Under no circumstances do I pretend to understand the divine sense of humor: one might expect subtly pitched bits of irony — "God is an iron," declared Spider Robinson, and I'm pretty sure Robinson wasn't referring to a Proctor-Silex with steam vents and a Teflon sole plate — alternating with the sort of obvious stuff that even a fourth-grader can comprehend, because we lesser creatures have to be shown things once in a while.

And so it came to pass that El Jefe, our fearless leader, took me aside one day in April and made exactly the sort of announcement I would bitterly resent even as I endorsed its presence. I am, after all, retiring at the end of this year, and my replacement was already on site; declared El Jefe, he's never going to learn this stuff with me looking over his shoulder, and therefore I would be sent back to the steno pool, whence I came twenty-eight years ago, to give the new kid a chance to sink or swim on his own merits. I seethed a bit, as I often do, but the bossman had the better of the argument and I knew it. Besides, my pay wasn't being cut. Something deep inside me rebelled, causing me to miss about a week of work due to inexplicable illness — it was as though three or four different 24-hour bugs had joined forces to render me as useless as possible — with the not entirely unexpected side effect of delaying the inevitable.
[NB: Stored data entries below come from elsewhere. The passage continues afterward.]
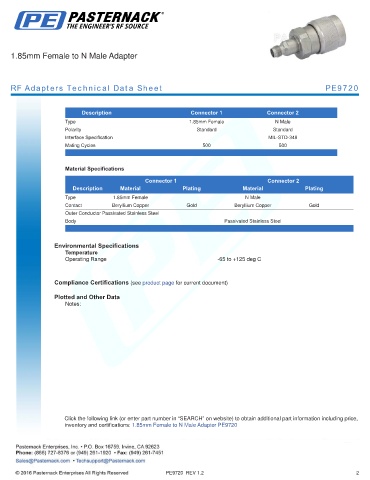 inventory and certifications: 1.85mm Female to N Male Adapter PE9720
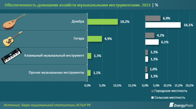 Согласно данным обследования Бюро национальной статистики АСПиР РК, проведенного в 2021 году, среди 11,7 тысячи опрошенных домашних хозяйств во всех регионах страны у 10,2 процента имелась в наличии домбра, у 4,9 процента - гитара, у 1,3 процента - клавишный инструмент, еще 1,1 процента домохозяйств были обеспечены прочими музыкальными инструментами.
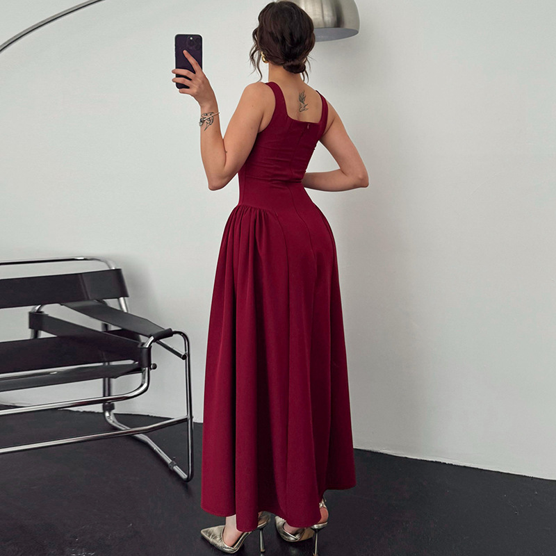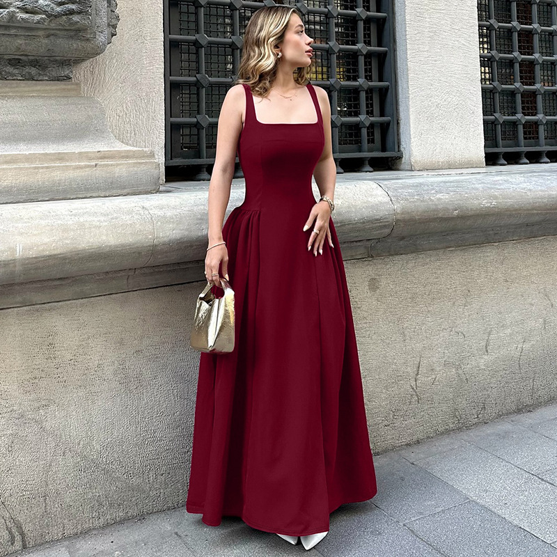 Women Clothing Summer Sexy Backless Zipper Slim Fit Waist Shoulder Strap Dress
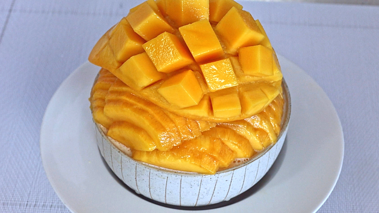 4. 그릇에 망고 아이스크림 - 우유 얼음 - 연유 - 3번 망고 - 우유 얼음 - 2번 망고 순으로 올려 먹는다
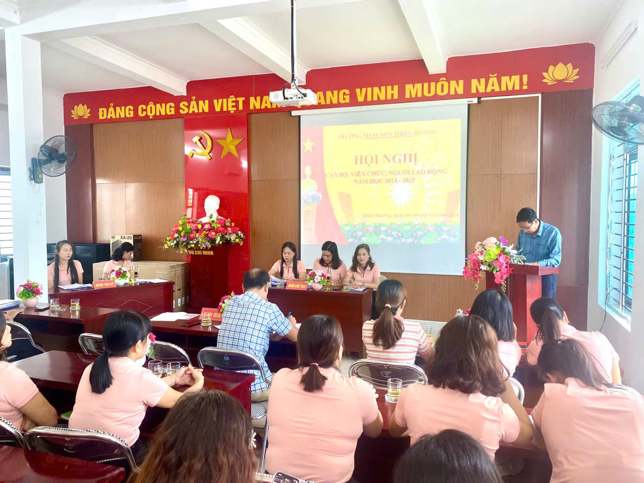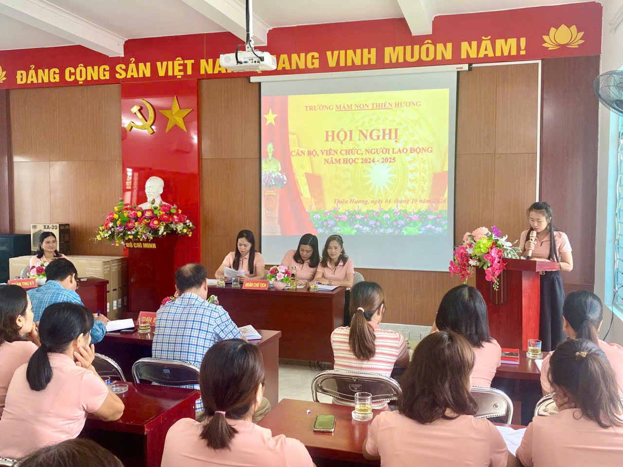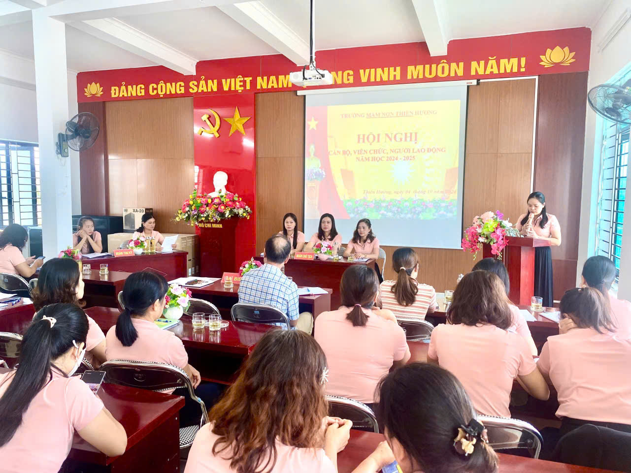 TRƯỜNG MẦM NON THIÊN HƯƠNG TỔ CHỨC THÀNH CÔNG HỘI NGHỊ CÁN BỘ, VIÊN CHỨC, NGƯỜI LAO ĐỘNG NĂM HỌC 2024 – 2025.

On the sixth day, I duly reported to the head of my new unit, a fortyish woman with a girlfriend of long standing, a voice that could be both gracious and grating simultaneously, and a pair of legs worthy of Claudia Cardinale. We had but a single clash, early on, when I flubbed something up bigtime, arranged to fix the flub, and was caught out: we have procedures for this sort of thing, she informed me icily, and so long as it's her neck on the line, I would comply. I don't do meek very well, but I yielded.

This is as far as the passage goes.